Either way this is definitely an issue. The response body is only valid inside the given closure and so any attempt to read it out of the closure is invalid. You said you tried it.body!!.toByteArray(), that should work (and does for me locally) since it will consume the entire stream before leaving the closure.

I'm wondering if there is some possible localstack weirdness going on?

It wouldn't hurt to rule it out.

Let us know what you find, very interested to understand what is going on here.

@brizzbuzz
Copy link
Author

So, I'm still waiting on company SRE to get me a real bucket with perms to test against, but in the meantime, I went ahead and cut out all of this code into a demo repo. I've confirmed that I get the same error as in my actual work repo. https://github.com/unredundant/kt-aws-s3-bug-demo

I wanted to try it on my personal machine, but I have an m1 mac and I was experiencing the same error as this report #473 so I figured I'd just push it :)

Would be really curious to hear if you get the same result in the repo i posted

@github-actions github-actions bot removed the response-requested Waiting on additional info and feedback. Will move to 'closing-soon' in 5 days. label Jan 25, 2022
@brizzbuzz
Copy link
Author

Ok, I haven't cracked the code yet, but a little debugging has led me down an interesting path.

The content length of the file is 79823. However, by the time that the SDK tries to run readAsMuchAsPossible inside the AbstractBufferedReadChannel, for some reason, the availableForRead field has gotten set to 16384. This explains at least how on every single read, I get the exact same snippet of the text file.

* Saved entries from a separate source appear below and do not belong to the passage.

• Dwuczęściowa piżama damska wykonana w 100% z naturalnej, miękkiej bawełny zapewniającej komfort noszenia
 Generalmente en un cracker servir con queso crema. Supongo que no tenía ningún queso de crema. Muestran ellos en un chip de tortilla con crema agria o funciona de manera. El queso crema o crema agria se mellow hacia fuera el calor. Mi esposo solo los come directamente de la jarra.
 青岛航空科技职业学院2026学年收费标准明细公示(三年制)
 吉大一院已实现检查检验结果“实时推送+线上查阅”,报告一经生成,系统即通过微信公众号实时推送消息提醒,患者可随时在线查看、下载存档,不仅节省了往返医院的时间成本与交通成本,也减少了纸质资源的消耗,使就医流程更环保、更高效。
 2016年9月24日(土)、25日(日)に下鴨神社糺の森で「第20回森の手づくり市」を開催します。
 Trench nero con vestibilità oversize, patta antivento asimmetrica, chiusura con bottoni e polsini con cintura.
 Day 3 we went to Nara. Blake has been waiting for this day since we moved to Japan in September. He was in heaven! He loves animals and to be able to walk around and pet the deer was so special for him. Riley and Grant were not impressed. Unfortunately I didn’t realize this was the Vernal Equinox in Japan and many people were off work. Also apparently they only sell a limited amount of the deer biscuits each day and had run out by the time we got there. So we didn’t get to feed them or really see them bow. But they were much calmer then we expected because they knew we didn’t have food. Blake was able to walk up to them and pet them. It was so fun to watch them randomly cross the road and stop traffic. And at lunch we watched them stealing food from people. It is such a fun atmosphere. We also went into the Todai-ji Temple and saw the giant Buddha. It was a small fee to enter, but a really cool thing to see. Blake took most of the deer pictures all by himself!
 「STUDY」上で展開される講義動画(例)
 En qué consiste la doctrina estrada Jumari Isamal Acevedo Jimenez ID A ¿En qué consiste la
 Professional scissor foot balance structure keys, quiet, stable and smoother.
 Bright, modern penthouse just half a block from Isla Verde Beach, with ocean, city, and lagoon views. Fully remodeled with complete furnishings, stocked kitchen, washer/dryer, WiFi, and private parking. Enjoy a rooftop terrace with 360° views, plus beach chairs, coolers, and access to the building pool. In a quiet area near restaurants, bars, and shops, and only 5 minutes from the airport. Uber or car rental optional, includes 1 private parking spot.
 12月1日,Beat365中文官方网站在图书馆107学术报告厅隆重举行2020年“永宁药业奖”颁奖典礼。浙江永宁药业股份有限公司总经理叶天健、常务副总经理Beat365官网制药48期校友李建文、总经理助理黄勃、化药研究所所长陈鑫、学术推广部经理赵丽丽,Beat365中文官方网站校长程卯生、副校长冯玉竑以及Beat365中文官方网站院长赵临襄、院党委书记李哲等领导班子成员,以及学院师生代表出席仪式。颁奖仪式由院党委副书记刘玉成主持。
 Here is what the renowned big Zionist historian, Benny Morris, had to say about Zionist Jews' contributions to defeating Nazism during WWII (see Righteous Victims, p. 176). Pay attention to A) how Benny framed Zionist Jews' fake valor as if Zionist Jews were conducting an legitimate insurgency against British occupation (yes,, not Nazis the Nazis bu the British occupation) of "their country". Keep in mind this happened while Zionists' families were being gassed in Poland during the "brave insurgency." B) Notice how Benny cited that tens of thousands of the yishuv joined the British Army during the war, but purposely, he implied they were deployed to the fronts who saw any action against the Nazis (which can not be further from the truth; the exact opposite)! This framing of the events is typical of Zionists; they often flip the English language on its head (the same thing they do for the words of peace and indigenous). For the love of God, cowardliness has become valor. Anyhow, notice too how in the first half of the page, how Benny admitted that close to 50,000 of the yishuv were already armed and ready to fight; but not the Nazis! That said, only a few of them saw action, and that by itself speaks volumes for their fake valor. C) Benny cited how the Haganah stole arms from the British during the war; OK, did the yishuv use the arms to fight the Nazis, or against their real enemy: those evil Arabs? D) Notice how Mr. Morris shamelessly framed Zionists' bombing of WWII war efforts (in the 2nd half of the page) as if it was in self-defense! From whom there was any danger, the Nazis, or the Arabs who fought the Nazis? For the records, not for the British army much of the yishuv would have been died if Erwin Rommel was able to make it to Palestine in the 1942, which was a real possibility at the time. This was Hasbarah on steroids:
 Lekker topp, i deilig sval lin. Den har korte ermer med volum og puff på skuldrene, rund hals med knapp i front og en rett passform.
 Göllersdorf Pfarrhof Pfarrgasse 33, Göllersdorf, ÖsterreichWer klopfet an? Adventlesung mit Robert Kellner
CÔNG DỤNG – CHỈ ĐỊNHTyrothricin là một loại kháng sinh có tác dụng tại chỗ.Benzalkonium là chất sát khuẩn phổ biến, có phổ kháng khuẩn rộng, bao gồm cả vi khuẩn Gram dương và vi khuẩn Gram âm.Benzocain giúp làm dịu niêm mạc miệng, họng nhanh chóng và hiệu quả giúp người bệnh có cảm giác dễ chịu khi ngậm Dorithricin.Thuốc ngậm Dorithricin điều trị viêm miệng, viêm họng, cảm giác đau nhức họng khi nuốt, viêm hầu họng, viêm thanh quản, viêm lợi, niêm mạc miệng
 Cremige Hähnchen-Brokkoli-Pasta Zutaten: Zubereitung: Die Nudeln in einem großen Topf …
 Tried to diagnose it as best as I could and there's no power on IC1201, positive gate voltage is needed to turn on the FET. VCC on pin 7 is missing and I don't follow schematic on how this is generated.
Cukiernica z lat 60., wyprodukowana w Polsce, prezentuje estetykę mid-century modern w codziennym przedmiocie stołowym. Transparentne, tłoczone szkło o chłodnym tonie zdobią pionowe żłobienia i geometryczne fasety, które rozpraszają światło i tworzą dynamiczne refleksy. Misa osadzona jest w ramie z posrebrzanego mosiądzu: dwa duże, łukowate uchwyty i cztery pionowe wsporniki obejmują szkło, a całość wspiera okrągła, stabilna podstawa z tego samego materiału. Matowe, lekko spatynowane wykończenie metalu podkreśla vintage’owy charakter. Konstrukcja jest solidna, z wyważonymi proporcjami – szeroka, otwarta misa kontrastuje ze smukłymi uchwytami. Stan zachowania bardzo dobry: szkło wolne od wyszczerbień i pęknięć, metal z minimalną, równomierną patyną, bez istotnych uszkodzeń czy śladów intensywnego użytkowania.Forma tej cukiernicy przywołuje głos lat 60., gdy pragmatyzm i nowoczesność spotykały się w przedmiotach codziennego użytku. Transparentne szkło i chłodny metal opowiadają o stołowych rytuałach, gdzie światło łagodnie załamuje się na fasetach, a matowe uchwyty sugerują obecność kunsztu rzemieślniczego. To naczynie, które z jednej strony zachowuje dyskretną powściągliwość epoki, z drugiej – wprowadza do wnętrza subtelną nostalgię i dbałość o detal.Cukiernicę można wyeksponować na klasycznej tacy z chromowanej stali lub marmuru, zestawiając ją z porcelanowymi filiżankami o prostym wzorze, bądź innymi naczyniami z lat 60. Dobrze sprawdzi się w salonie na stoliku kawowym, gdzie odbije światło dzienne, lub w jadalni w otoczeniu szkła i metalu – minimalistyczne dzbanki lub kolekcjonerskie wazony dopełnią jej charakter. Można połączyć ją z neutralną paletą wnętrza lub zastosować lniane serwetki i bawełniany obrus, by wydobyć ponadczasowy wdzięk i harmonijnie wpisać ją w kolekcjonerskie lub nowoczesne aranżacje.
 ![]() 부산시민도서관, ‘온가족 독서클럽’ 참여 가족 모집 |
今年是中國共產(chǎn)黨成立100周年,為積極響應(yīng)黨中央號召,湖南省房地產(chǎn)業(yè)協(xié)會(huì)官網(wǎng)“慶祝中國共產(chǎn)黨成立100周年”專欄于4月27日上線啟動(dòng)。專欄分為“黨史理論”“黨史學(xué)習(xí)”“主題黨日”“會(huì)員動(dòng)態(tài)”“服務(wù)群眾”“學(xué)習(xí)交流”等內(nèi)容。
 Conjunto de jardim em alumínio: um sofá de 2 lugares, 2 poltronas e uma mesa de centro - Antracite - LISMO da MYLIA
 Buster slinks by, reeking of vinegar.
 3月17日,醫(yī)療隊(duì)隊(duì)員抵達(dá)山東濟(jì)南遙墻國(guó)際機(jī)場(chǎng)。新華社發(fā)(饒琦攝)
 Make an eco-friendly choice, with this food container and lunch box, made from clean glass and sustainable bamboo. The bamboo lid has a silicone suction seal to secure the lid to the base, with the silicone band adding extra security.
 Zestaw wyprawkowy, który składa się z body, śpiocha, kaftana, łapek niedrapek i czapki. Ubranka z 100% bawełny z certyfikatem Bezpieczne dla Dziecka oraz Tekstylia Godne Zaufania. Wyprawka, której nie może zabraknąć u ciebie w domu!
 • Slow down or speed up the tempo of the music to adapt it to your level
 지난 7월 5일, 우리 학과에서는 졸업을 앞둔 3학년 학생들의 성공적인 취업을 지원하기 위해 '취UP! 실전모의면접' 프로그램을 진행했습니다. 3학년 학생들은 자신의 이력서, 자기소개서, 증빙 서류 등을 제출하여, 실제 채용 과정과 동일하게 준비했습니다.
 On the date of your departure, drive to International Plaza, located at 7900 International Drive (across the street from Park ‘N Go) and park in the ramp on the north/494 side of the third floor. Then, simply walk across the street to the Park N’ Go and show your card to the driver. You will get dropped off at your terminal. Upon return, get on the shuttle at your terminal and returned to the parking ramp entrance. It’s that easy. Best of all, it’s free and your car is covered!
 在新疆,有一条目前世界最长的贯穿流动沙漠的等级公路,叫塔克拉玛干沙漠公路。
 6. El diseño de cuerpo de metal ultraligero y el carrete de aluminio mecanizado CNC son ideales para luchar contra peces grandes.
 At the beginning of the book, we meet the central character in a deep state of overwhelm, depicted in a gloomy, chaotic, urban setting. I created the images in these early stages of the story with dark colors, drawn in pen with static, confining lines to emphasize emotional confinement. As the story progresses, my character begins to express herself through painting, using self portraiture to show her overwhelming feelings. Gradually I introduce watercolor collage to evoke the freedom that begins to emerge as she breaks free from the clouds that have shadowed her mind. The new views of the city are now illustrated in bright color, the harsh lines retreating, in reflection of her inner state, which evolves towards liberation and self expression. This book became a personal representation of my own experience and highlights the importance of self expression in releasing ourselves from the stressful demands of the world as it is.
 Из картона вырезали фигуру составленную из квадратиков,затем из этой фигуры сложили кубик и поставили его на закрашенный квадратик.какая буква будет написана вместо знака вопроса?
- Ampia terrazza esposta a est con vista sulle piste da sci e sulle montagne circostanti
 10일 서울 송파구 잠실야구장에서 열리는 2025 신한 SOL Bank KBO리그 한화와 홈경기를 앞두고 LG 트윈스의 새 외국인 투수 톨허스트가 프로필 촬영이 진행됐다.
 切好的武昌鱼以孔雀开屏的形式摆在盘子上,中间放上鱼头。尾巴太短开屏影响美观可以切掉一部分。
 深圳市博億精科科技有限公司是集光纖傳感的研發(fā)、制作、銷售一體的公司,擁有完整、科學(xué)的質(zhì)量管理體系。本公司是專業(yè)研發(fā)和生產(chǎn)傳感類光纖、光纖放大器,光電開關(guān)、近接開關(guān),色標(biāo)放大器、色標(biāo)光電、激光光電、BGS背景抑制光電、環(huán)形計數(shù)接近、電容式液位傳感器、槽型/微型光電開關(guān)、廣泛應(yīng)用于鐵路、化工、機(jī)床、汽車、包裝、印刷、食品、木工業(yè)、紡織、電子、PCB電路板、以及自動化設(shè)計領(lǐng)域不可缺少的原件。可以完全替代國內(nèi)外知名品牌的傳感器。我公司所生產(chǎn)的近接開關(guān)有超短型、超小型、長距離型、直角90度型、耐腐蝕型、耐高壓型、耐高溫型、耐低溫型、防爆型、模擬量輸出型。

So i don't think the problem is that the connection is closing ahead of the read, but rather that something is causing availableForRead to not understand that there is in fact more to read.

@brizzbuzz
Copy link
Author

Screen Shot 2022-01-26 at 9 25 53 AM

@aajtodd
Copy link
Collaborator

aajtodd commented Jan 26, 2022

Ok, I haven't cracked the code yet, but a little debugging has led me down an interesting path.

The content length of the file is 79823. However, by the time that the SDK tries to run readAsMuchAsPossible inside the AbstractBufferedReadChannel, for some reason, the availableForRead field has gotten set to 16384. This explains at least how on every single read, I get the exact same snippet of the text file.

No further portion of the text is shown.